Friday, March 20, 2020

Again with the fatigue which I’m guessing is my low-carb diet. I highly doubt I have the virus, and if either of us had or does have it, we wouldn’t know it. No symptoms. We’ve been checking our temperatures every day. He’s usually 98 and I’m usually 97. I’ve been a degree lower than normal for centuries. Maybe because I’m hypo. One is still hypo whether they’re on treatment or not.

Lost another pound which is a bit surprising. I just had some OJ to help give me energy and so I’m not too low on carbs. The vitamin C in it will do me good and help keep me healthy.

Except for the two days I cut my dose, I’ve taken my meds consistently for 5 weeks now. One more week and it’s hello anxiety again. :-(

I agree with Tom in that this shit with the virus is going to determine whether or not Trump is going to get reelected. It’s just gonna depend on how things play out. For us, it doesn’t matter who’s President so much as who’s in the House and Senate. Democrats are always preferable.

Not surprisingly, California has been placed on lockdown as of today. This is nothing new for me, though. I got the social distancing down a long time ago. It’s easy to do when you’ve never been all that social to begin with, something I make no apologies for. Tom has tons and tons of things he’s looking forward to doing during his time off, and while I would have loved being out of school as a kid, I still find myself bored at times. When you do the same things decade after decade with very little variety mixed in, one can get bored after a while. It isn’t that there’s nothing to do. It’s just that I don’t always feel like doing what’s available to me.

Published my book yesterday and it’s already been borrowed. I was really thrown for a loop when I saw pages read from Renting Ginny when that book is no longer for sale anymore. Then it hit me that even though it’s no longer for sale or borrowing, people do still have it on their devices and can always read it later on as some people choose to. Not everyone reads the books they borrow the instant they borrow them. I know I don’t always.

Now that my book is edited and published, I will have to decide whether or not I want to edit additional older books of mine or write some fresh stuff.

I went out walking earlier. The air was cool, but the sun was warm, and I realized that had I still been in the worst of peri, I would have had the hot flashes and racing heart from hell and quite possibly even a panic attack. It felt nice when there was a breeze or I was in the shade, but in the direct sunlight with no breeze, it was warm.

I’ve been making some personal changes and I’m proud of myself for the progress I’ve made, too.
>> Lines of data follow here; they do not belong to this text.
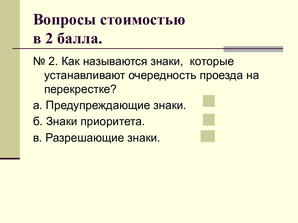 № 2. Как называются знаки, которые устанавливают очередность проезда на перекрестке? а. Предупреждающие знаки. б. Знаки приоритета. в. Разрешающие знаки.
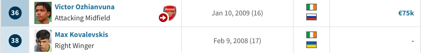 При перегляді складу Шемрок Роверс неможливо не помітити двох молодих гравців: 16-річного Віктора Ожианвуна та 17-річного Макса Ковалевскіса. Обидва – ірландці, але мають подвійне громадянство: Віктор – російське, Макс – українське. Вони є вихованцями Шемрока і, що цікаво, Віктор уже підписав попередній контракт із Арсеналом U-21, куди вирушить у 2027 році. Цього сезону обидва випускались на поле в різних турнірах, окрім єврокубків, але все ж тренер віддавав більше шансів саме Ожианвуні.
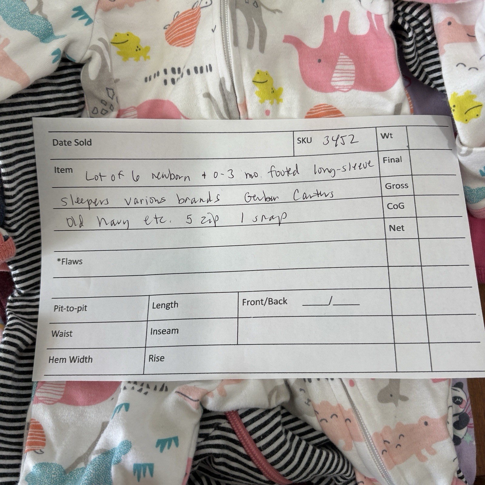 Lot of 6 girl newborn/0-3 mo footed long sleeve sleepers zip/snap various brands
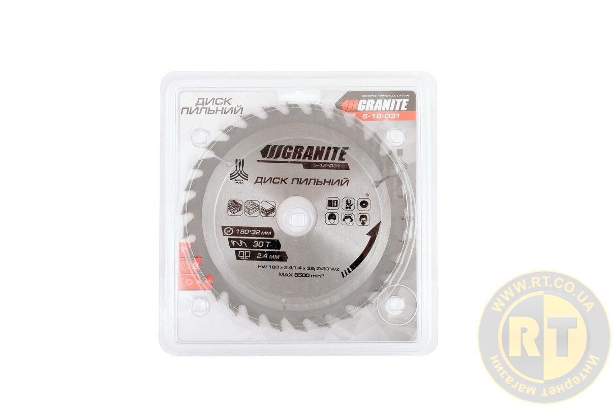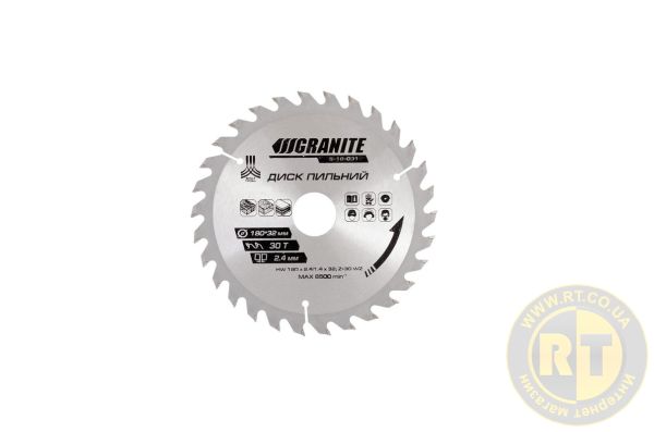 Пильный диск для дерева с твердосплавными напайками 180×32×30Т адаптер 32–30 мм 8400 об/мин — высококачественный инструмент для чистой и точной резки древесины различных пород.

Life has taught me that just because someone doesn’t complain directly to you about something you may say, it doesn’t mean they’re not complaining somewhere else. This used to bother me and I would always be paranoid that anything I might say might upset someone, but then I realized that hey, if they can’t tell me directly, that’s on them. Not me. Meanwhile, I’m just going to use my best judgment and be myself. :-) I think that’s all anyone can do.

Also, I thought to myself that I would reach out to Holly and Doc H on Facebook and say goodbye and that I hoped we could keep in touch now and then but then I said to myself, no way! They would never contact me first. Why does it always have to be me to reach out, especially when most of the time no one gives a shit and never replies? Let someone reach out to me first for once, not that I expect they ever will unless it’s someone I would rather not hear from. Like the termites. Oh, yeah, I heard from Mama Termite in my dreams.

I somehow managed to get into her house which didn’t look like her house and was snooping around. Just as I heard her enter the side door, I dashed out her front door, around the side of her house and off to wherever, certain that she had seen me.